Fish aggregating devices are floating objects that have been employed for hundreds of years in both commercial and recreational fisheries to improve methods when catching ocean going pelagic species including tuna.

FADs typically consist of bamboo rafts with buoys attached for its location that could be drifting in the ocean or anchored at the sea floor to improve fish catching methods.

According to a recent survey carried out by the European Parliament on the use of FADs in tuna fisheries, 11 out of 13 stocks of tropical tunas around the world are found to be at healthy biomass levels.

Europêche warns that the current proliferation of ‘FAD Free’ tuna on the EU market based on self-certification could be unregulated, fraudulent and highly misleading to the consumer.
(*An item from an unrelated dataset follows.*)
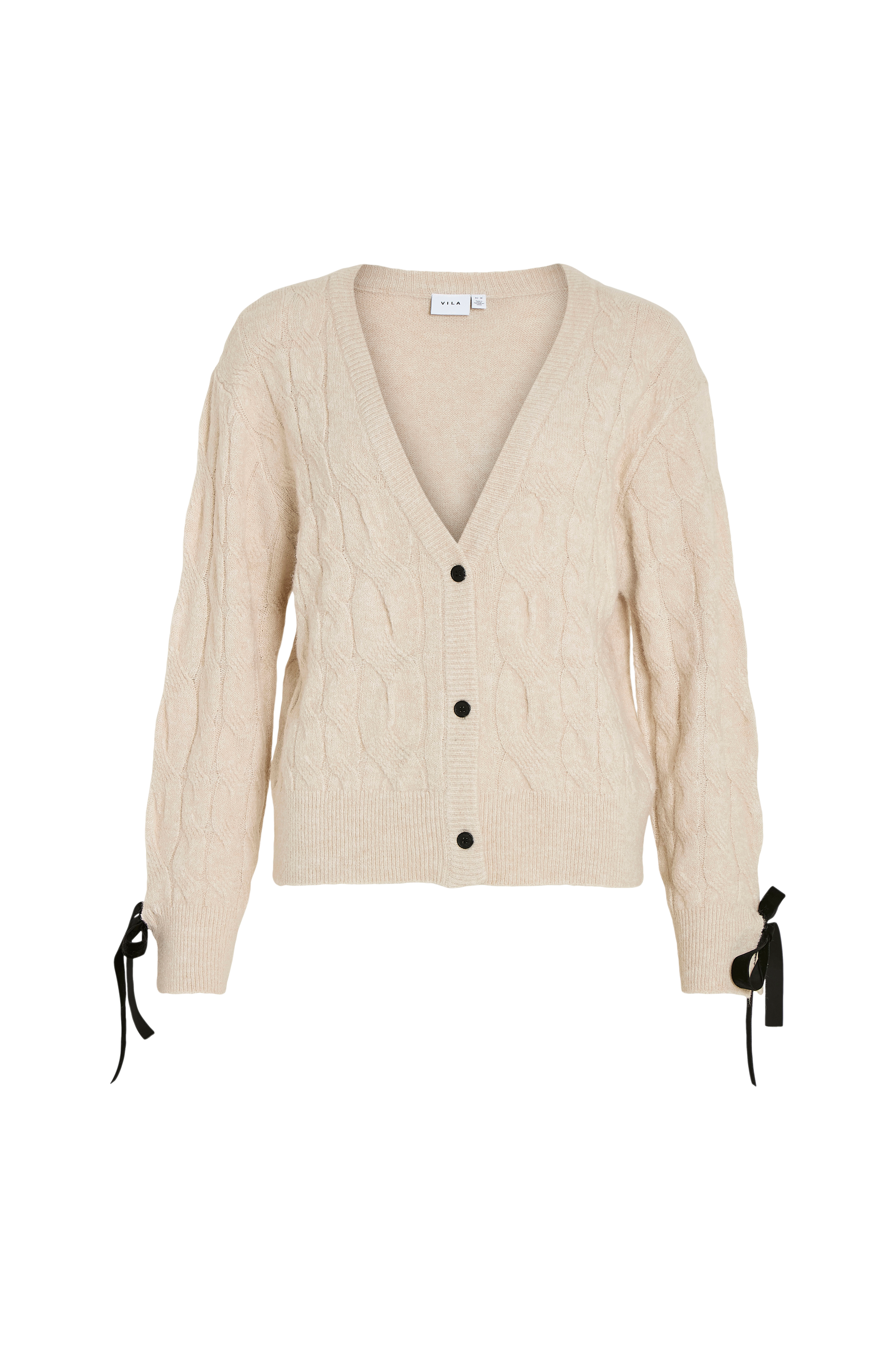 • Palmikkoneulottu neuletakki• V-kaula-aukko• Napit• Pitkät hihat halkioilla ja nyöreillä manseteilla• Ribatut reunat kaula-aukon ympärillä, edessä ja alhaalla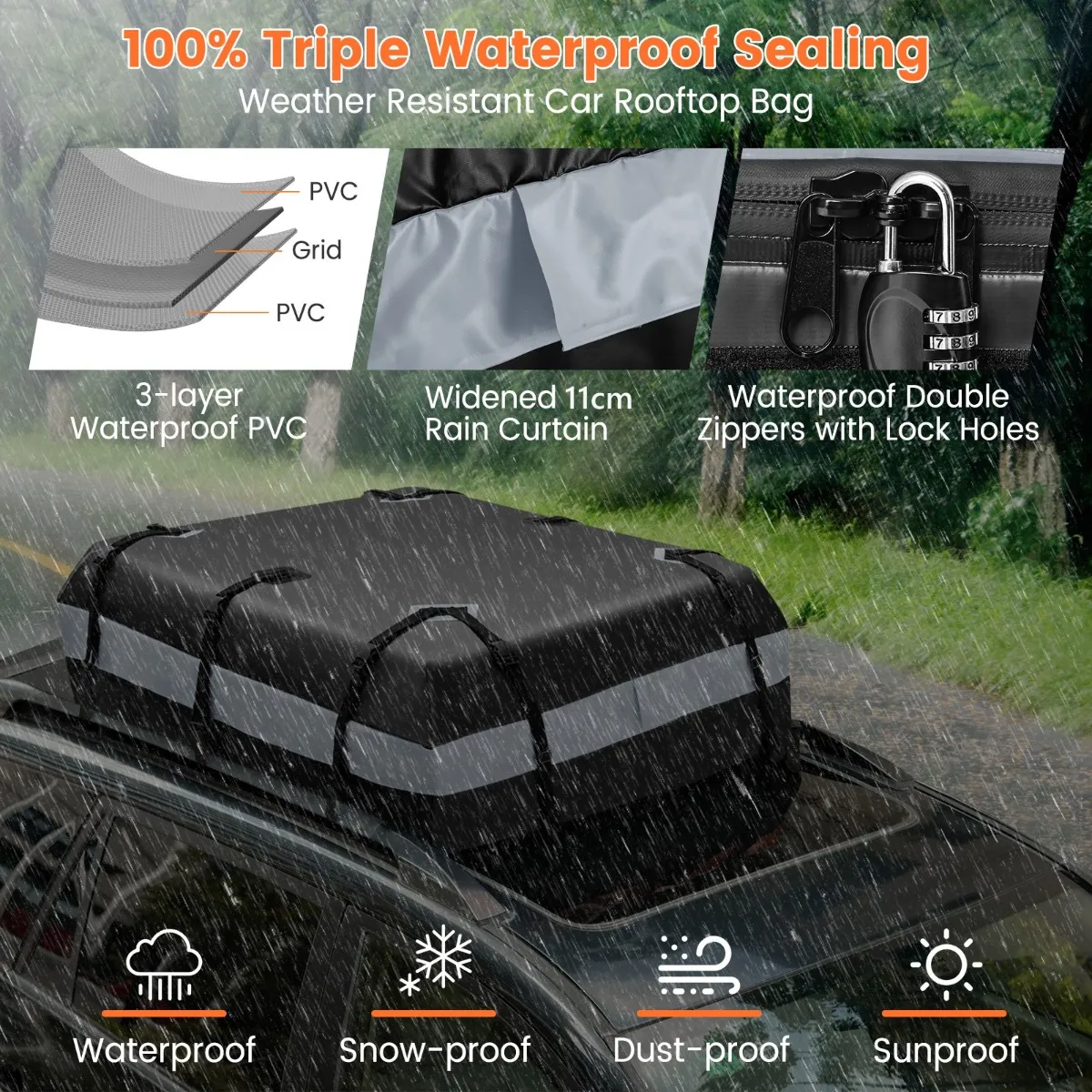 Neem alles wat je nodig hebt mee in onze dakdrager voor een prachtige reis! De daktas is gemaakt van PVC met een hoge dichtheid en drie lagen, waardoor hij zeer goed bestand is tegen slijtage en weersinvloeden. En de waterdichte ritsen worden beschermd door een 11 cm lang regengordijn, zodat je zeker weet dat je spullen intact blijven in nat, besneeuwd of winderig weer.

Javier Garat, President of Europeche said: “International fishing fleets must be strictly controlled and monitored across the entire supply chain. Therefore, Europêche advises that FAD Free tuna should be only purchased from independently certified systems with a proper and transparent chain of custody in place.”

FADs are used for the vast majority of the tuna purse seine fleet and support thousands of livelihoods of coastal communities all over the world. In fact, 93 per cent of the recent tropical tuna catch came from healthy stocks and a high proportion (more than 65 per cent) of that came from fisheries using FADs.